Balton indicated that Zuma’s resignation is due to the cumulative efforts of civil society formations, business, labour, the religious sector, opposition parties, members within the ruling party, journalists, whistle-blowers, honest public servants, the judiciary and ordinary people.


He cautioned though, that while Zuma’s recall is indeed a victory for the people, the fight against state capture is ongoing. “We’ve removed someone who had presided over a systemic process of state capture that has crept into all tiers of government. Tomorrow, there will still be public officials stealing from state coffers; there will still be individuals who wield undue influence over politicians; there will still be groups willing to defend the state capture project; and there will still be an economy and society wrecked by poor governance. It is going to take years of hard work from all sectors of society to reverse state capture and build a state based on integrity, accountability, and transparency.


“The ANC leadership now has a duty to ensure that corruption is tackled and that any attempt to exonerate those behind its facilitation is quashed.


“We also want the truth – South Africans deserve to know the full extent of the damage done to the country under the Zuma administration, and we hope that the various commissions and inquiries underway into state capture and state-owned entities can reveal such.


“We furthermore hope that law enforcement agencies are committed to investigating and prosecuting those who have facilitated state capture. There must be serious consequences for the corrupt, to serve as a deterrent to others. There must be justice,” he said.

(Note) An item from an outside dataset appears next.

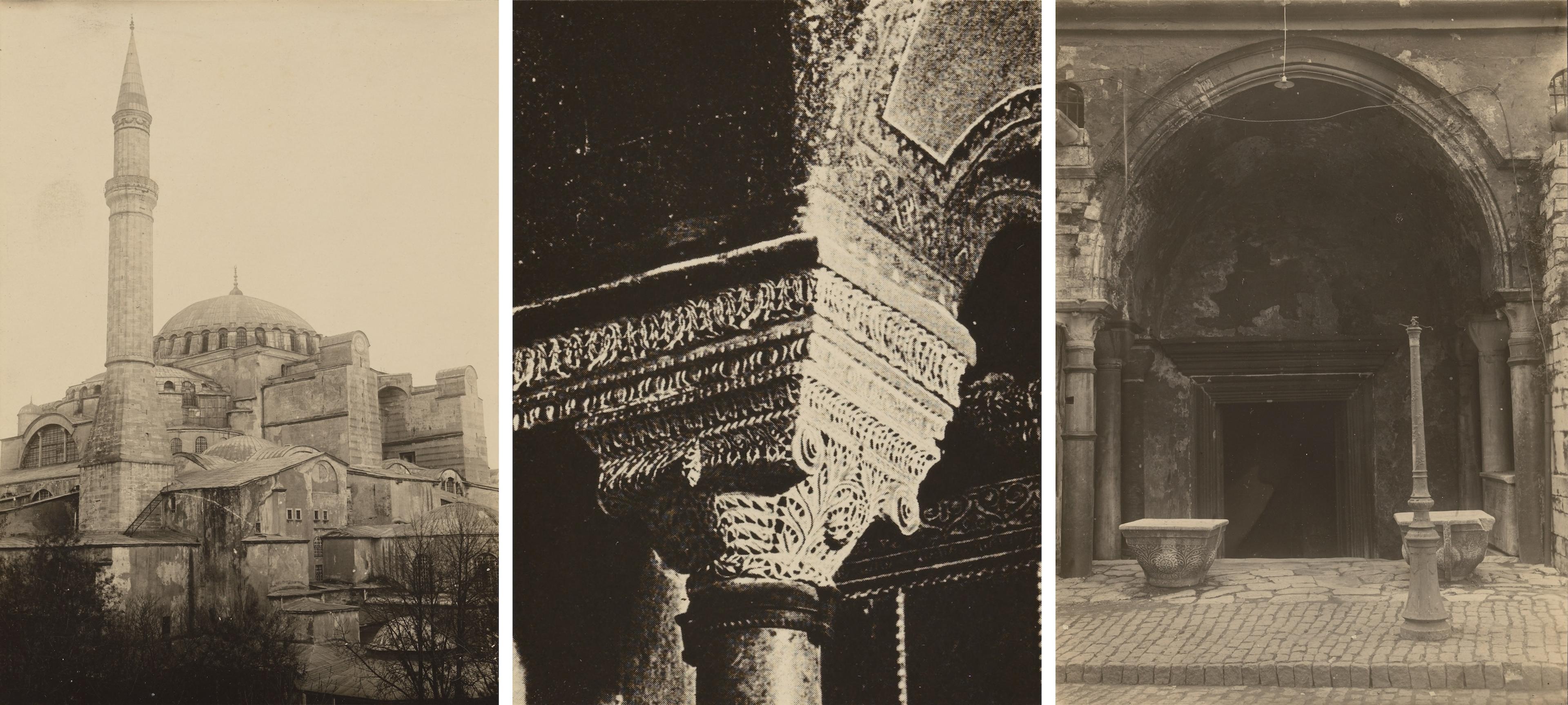 Soldan sağa: Ayasofya’nın kuzeybatıdan görünümü; Bizans dönemi sütun başlığı; girişteki sütunlar, Byzantina: Important Antiquities of Constantinople, Constantinople: [s.n.], 1925–1930, No. 1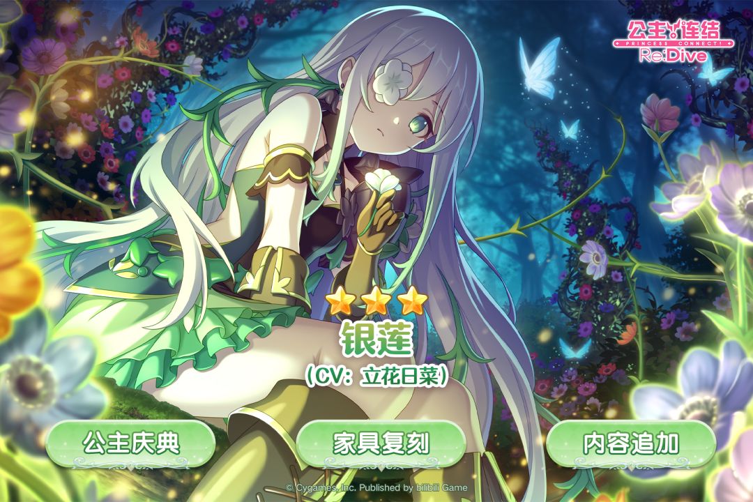维护结束后,游戏内将开启★3角色出现率2倍的「公主庆典扭蛋」,期间限定角色★3「银莲」(CV:立花日菜)及公主庆典限定角色将在「公主庆典扭蛋」中限时登场,游戏内将开展★3必得白金扭蛋;公会之家将限时复刻木制主题家具,并追加新的游戏内容!

“The Foundation will continue supporting efforts aimed at dismantling state capture and building a country based on the values of our Constitution. It is our collective responsibility to ensure that the vision of Kathrada and his generation is not trampled underfoot by those who only seek to serve their own interests.  It is our hope that as this new era dawns in our country, South Africans will remain vigilant in defending our hard-won democracy against state capture.”